Какой остротой социально-исторического зрения обладал Розанов! «Есть не своевременные слова. К ним относятся Новиков и Радищев. Они говорили правду и высокую человеческую правду. Однако, если бы эта “правда” расползлась в десятках и сотнях тысяч листков, брошюр, книжек, журналов по лицу русской земли, – доползла бы до Пензы, до Тамбова, Тулы, обняла бы Москву и Петербург, то пензенцы и туляки, смоляне и псковичи не имели бы духа отразить Наполеона».
Как близко мне отношение Розанова к Льву Толстому:
Вся судьба толстовца Толстого в этих словах: «Чего хотел, тем и захлебнулся». Когда наша простая Русь полюбила его простою и светлою любовью за «Войну и мир», – он сказал: «Мало. Хочу быть Буддой и Шопенгауэром». Но вместо «Будды и Шопенгауэра» получилось только 42 карточки, где он снят в 3/4, 1/2, en face, в профиль и кажется «с ног», – сидя, стоя, лежа, в рубахе, кафтане и еще в чем-то, за плугом и верхом, в шапочке, шляпе и «просто так»…
Какой широкий и верный литературный и музыкально-поэтический вкус был у Розанова!

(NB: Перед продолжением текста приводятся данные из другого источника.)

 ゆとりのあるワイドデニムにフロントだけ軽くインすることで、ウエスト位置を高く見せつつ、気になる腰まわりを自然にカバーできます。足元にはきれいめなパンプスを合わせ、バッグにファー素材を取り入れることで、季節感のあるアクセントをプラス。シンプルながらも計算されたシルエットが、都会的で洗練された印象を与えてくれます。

Таких, как эти две строки Некрасова:
Еду ли ночью по улице темной —Друг одинокий!.. —нет еще во всей русской литературе. Толстой, сказавший о нем, что «он нисколько не был поэт»… не обнаружил беспристрастия и простого мирового судьи. Стихи, как
Дом не тележка у дядюшки Якова —народнее, чем все, что написал Толстой.

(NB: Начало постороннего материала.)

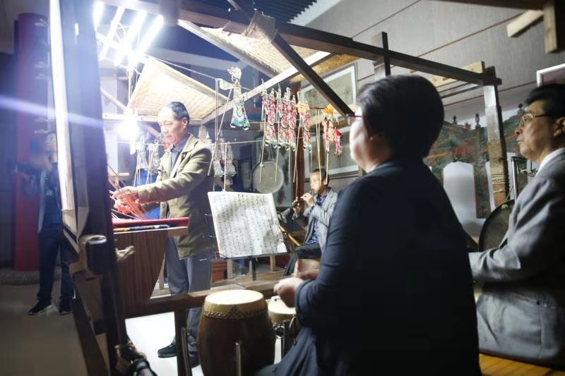 9月20日,人民中国杂志社社长陈文戈、日本专家田中光辅一行来扶风采访文化旅游,县委宣传部精心组织策划,县文旅局、县林业局、法门文化景区管委会、周原博物院、县文联等部门单位积极配合,让采访团充分采访到了具有扶风特色的素材。10点30分,采访团一行一抵达扶风关中风情园,顾不得观赏风情园旖旎秀丽的风光,就投身风情园民俗博物馆采访扶风碗碗腔皮影戏。采访团首先观看了李海宁团队表演的明朝朱元璋洪武年间扶风特色碗碗腔皮影戏《柳河川》。然后,对表演的几位老艺人进行了采访。据了解,关中皮影分东路、西路两种,扶风皮影属西路风格,以碗碗腔为主。扶风皮影戏班班社众多,源远流长,上世纪四五十年代,扶风县境内有10多个皮影班,名气大的有“满儿娃”、“顺劲娃”、“韩家娃”、“省儿娃”、“本儿娃”等。现仅存留的扶风碗碗腔皮影戏班是经席宗虎组织恢复的满儿娃皮影班,一般由七人组成,一人挑线,一人配线,一人主唱(生、丑、净、旦全演)其余人拉弦、敲鼓,执各种乐器,一专多能,身兼数职。扶风县碗碗腔皮影戏的传承人李海宁说:“扶风的碗碗腔皮影班,可以唱50多出大戏,剧目有:《全家福》、《告御状》、《泗水关》等,碗碗腔皮影戏在演唱时,分三个调式,大调、二调、三调,主要唱腔曲调分为尖板、大板、二板、二六板、飞板、滚板。板式虽不多,由于调式不同,灵活多变,喜、怒、哀、乐表达得淋漓尽致,唱起来婉转悠扬,非常动听。”
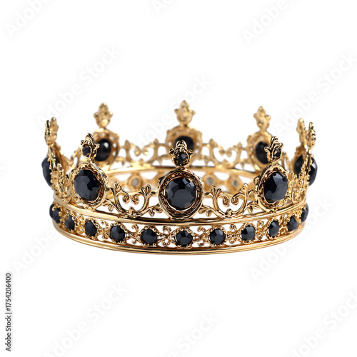 Ornate gold crown adorned with blue sapphires and diamonds isolated on transparent background

………………………………………………………………………………………
Его «Власу» никакой безумец не откажет в поэзии» Его «Огородник», «Ямщик», «Забытая деревня» прелестны, удивительны и были новы по тону в русской литературе. Вообще Некрасов создал новый тон стиха, новый тон чувства, новый тон и звук говора.
Сочувствие в общем вызывало во мне и отношение Розанова к Щедрину, из произведений которого я очень люблю только «Губернские очерки», «Пошехонскую старину», «Господа Головлевы» (вещь почти «достоевскую») и пьесу «Смерть Пазухина».